论文标题
部分可观测时空混沌系统的无模型预测
Reconstructing Training Data from Trained Neural Networks
论文作者
论文摘要
了解神经网络在多大程度上记住培训数据是一个有趣的问题,具有实践和理论的含义。在本文中,我们表明,在某些情况下,实际上可以从训练有素的神经网络分类器的参数中重建训练数据的很大一部分。我们提出了一种新颖的重建方案,该方案源于有关以基于梯度的方法训练神经网络的隐式偏见的最新理论结果。据我们所知,我们的结果是第一个表明从训练有素的神经网络分类器中重建实际训练样本的大部分培训样本的结果。这对隐私有负面影响,因为它可以用作揭示敏感训练数据的攻击。我们在一些标准的计算机视觉数据集上演示了二进制MLP分类器的方法。
Understanding to what extent neural networks memorize training data is an intriguing question with practical and theoretical implications. In this paper we show that in some cases a significant fraction of the training data can in fact be reconstructed from the parameters of a trained neural network classifier. We propose a novel reconstruction scheme that stems from recent theoretical results about the implicit bias in training neural networks with gradient-based methods.
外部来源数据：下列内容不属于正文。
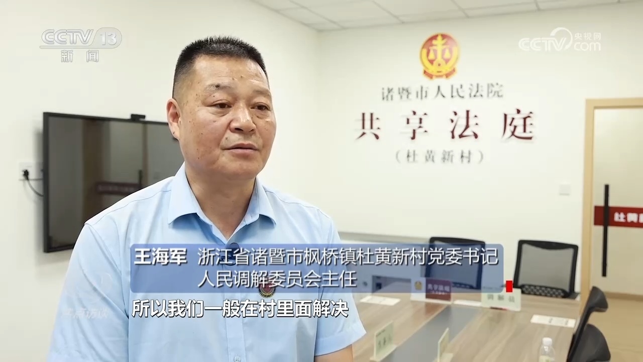 浙江省諸暨市楓橋鎮(zhèn)杜黃新村黨委書(shū)記、人民調(diào)解委員會(huì)主任王海軍:“村里一般的調(diào)解村兩委會(huì)以及村調(diào)委基本上就地解決,因?yàn)椤畻鳂蚪?jīng)驗(yàn)’矛盾不出村,所以我們一般在村里面解決。但是涉及到法律法規(guī)一塊或者有些老百姓在‘心結(jié)’上面解不開(kāi),我們就動(dòng)用共享法庭?!?/p>
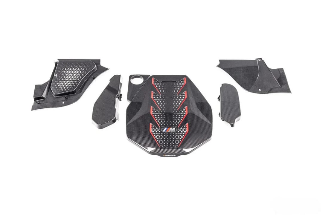 Karbonius Composites’ Carbon Engine Cover Kit is a true OEM-plus engine bay upgrade for the G90 BMW M5 sedan and G99 M5 Touring, hand-built in Spain by the artisans behind the legendary E46 M3 CSL airbox. Made from 100% pre-preg (dry) carbon fiber and autoclave-cured with integrated mounting tabs, it delivers precise fitment and a clean 2×2 twill finish in gloss or matte clear.

To the best of our knowledge, our results are the first to show that reconstructing a large portion of the actual training samples from a trained neural network classifier is generally possible. This has negative implications on privacy, as it can be used as an attack for revealing sensitive training data. We demonstrate our method for binary MLP classifiers on a few standard computer vision datasets.